GPMC omap nand using CS1

Miquel Raynal miquel.raynal at bootlin.com
Mon Dec 13 09:50:21 PST 2021


Hello Romain,

romain.naour at smile.fr wrote on Mon, 13 Dec 2021 11:18:03 +0100:

> Hello,
> 
> I'm using an AM3505 cpu with two nand device, nand0 use CS0 and nand1 use CS1.
> 
> The nand0 is ok but nand1 is not detected.
> I get "nand: No NAND device found"

Easy answer (support 101, sorry about that :-) ), did you check that the
CS was toggling with a scope? Just to be sure that this is a NAND
core/driver issue and not something else?

> Regarding the devicetree for nand1, I did something similar to omap3430-sdp.dts
> where the nand is on CS1.
> 
> https://git.kernel.org/pub/scm/linux/kernel/git/stable/linux.git/tree/arch/arm/boot/dts/omap3430-sdp.dts?h=v5.15.6#n102

And this is precisely the reason why we switched to a new
DT representation: as long as you have a single chip, not describing
the NAND device inside a bigger "nand" node was fine.

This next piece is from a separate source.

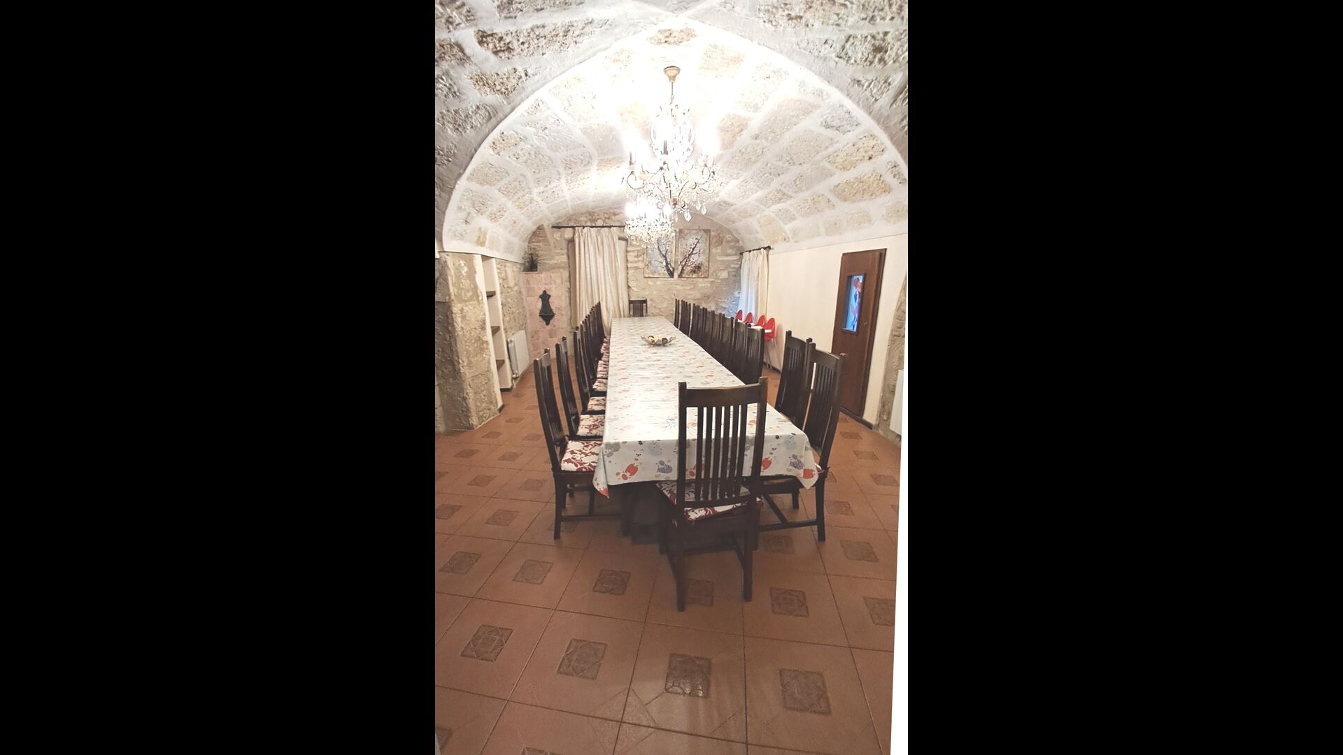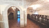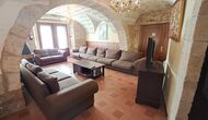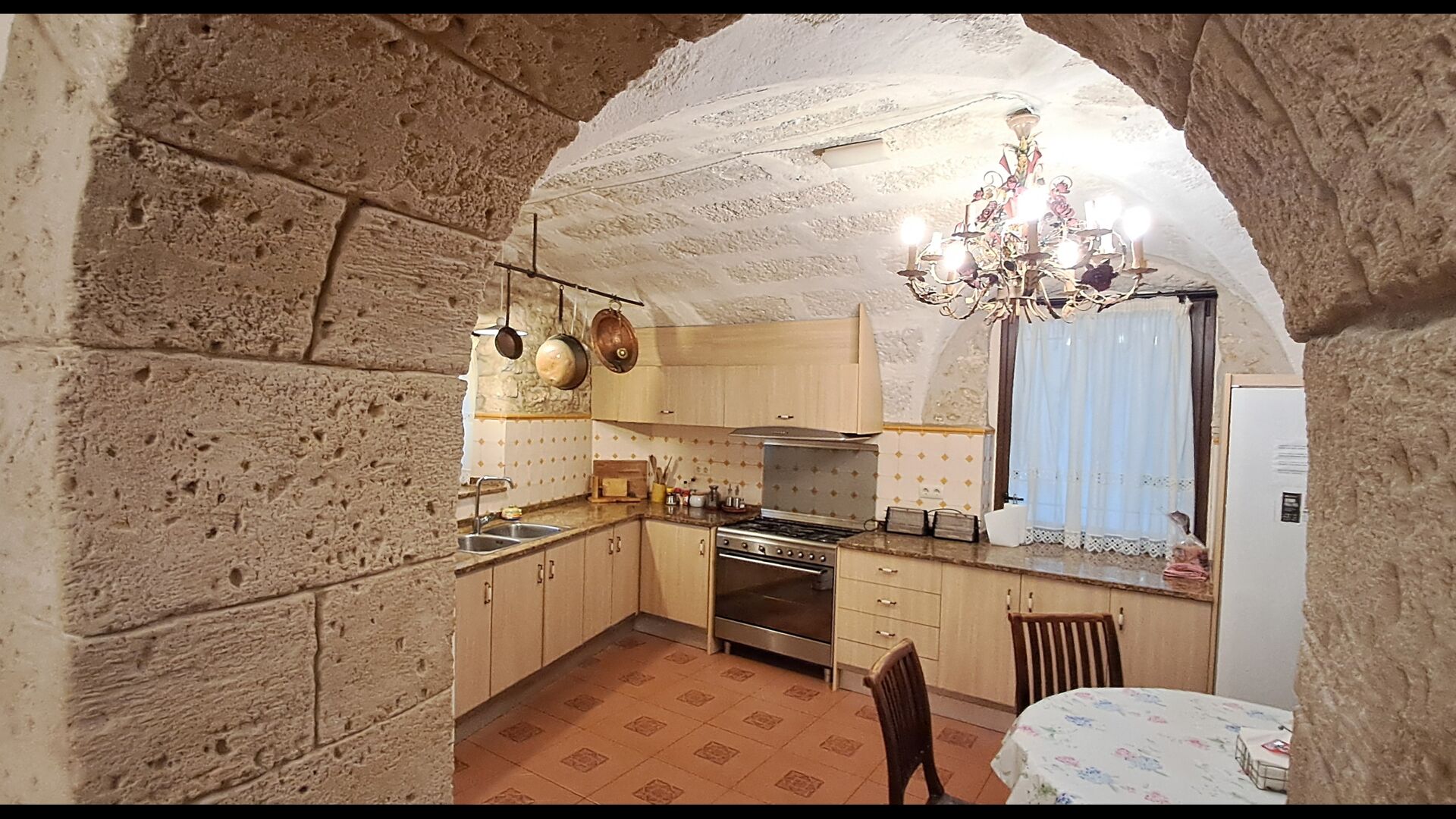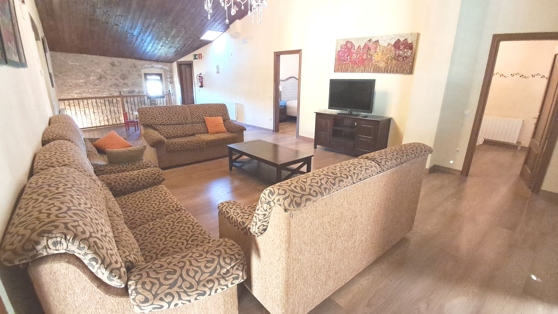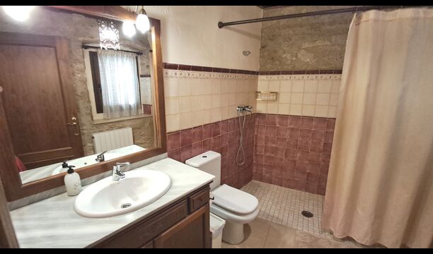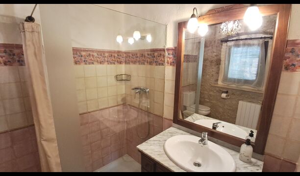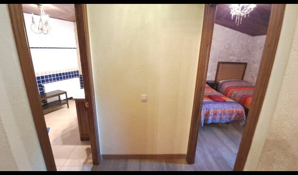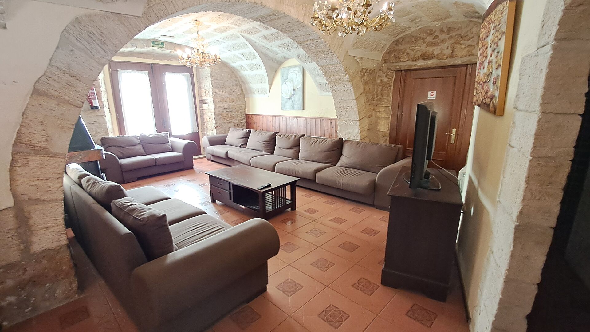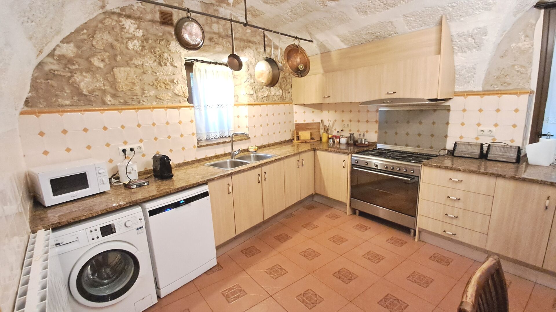 Das Haus ist neben der großen Kirche der Stadt gelegen, und Sie betreten das Feiertaghaus direkt vom schönen Kirchenplatz. Wenn Sie in Masia de Las Flores, das eine Größe von 710 m2 hat, eintreten, treffen Sie ein schönes Wohnzimmer mit großen, bequemen Sofas und einem Flachschirm TV. Das Innere des Hauses ist sehr schön: Die gebogene Decke und die schönen, gewölbten Türöffnungen schaffen eine große, geräumige Atmosphäre. Hier auf dem Erdgeschoß, gibt es auch eine Küche, und anschließend einen langen Esstisch.

But whenever we
need to support more than one it starts to be an issue. I saw that the
logic here was to add a second nand node which, on a pure DT
representation logic is wrong: the GPMC has subnodes which are the
different controller (there is only one NAND controller there) which
should contain two NAND device subnodes with their specific properties.
Anyway, that is not how this controller is currently being described,
so let's assume creating two NAND nodes is fine at least to make it
work.

I assume you tried:
* booting with only CS0 described -> works
* booting with only CS1 described -> No NAND device found error
Am I right?

> I'm not sure this dts actually works since in nand_base.c nand_detect() call
> nand_reset(chip, 0) with cs = 0.
> 
> https://git.kernel.org/pub/scm/linux/kernel/git/stable/linux.git/tree/drivers/mtd/nand/raw/nand_base.c?h=v5.15.6#n4945

This is indeed the first step, we always start with the first CS and
then if the first device was discovered, we check if the other CS are
wired. This only works of course if nand_scan() requests scanning more
than one CS. This is currently not the case and was already like that
for quite some time. Maybe that is why the NAND controller was
described twice in the link below, to get the probe of the controller
called twice?

Anyway if the question is 'how do I get CS1 being checked first', you
should look at the probe function which instantiate your controller.
That is where the driver is supposed to parse the DT, find the right
CS to handle and then register the NAND chip. From the core
perspective, it can use "target" 0, 1, etc, even though from the
controller perspective, target 0 for a given chip might be CS1. You can
look at "recent" drivers, like Marvell or Arasan which support several
CS.

> It seems it was possible to use two nand on gpmc (kernel 3.16):
> 
> https://e2e.ti.com/support/processors-group/processors/f/processors-forum/343017/am335x-gpmc-with-two-nand-flash-in-device-tree

I honestly do not know if this ever worked or if it was supported
upstream, it is very likely, looking at the current code base, that
if you want two CS on this board you are going to need to write a
couple of patches :)

Good luck, do not hesitate if you have other specific questions.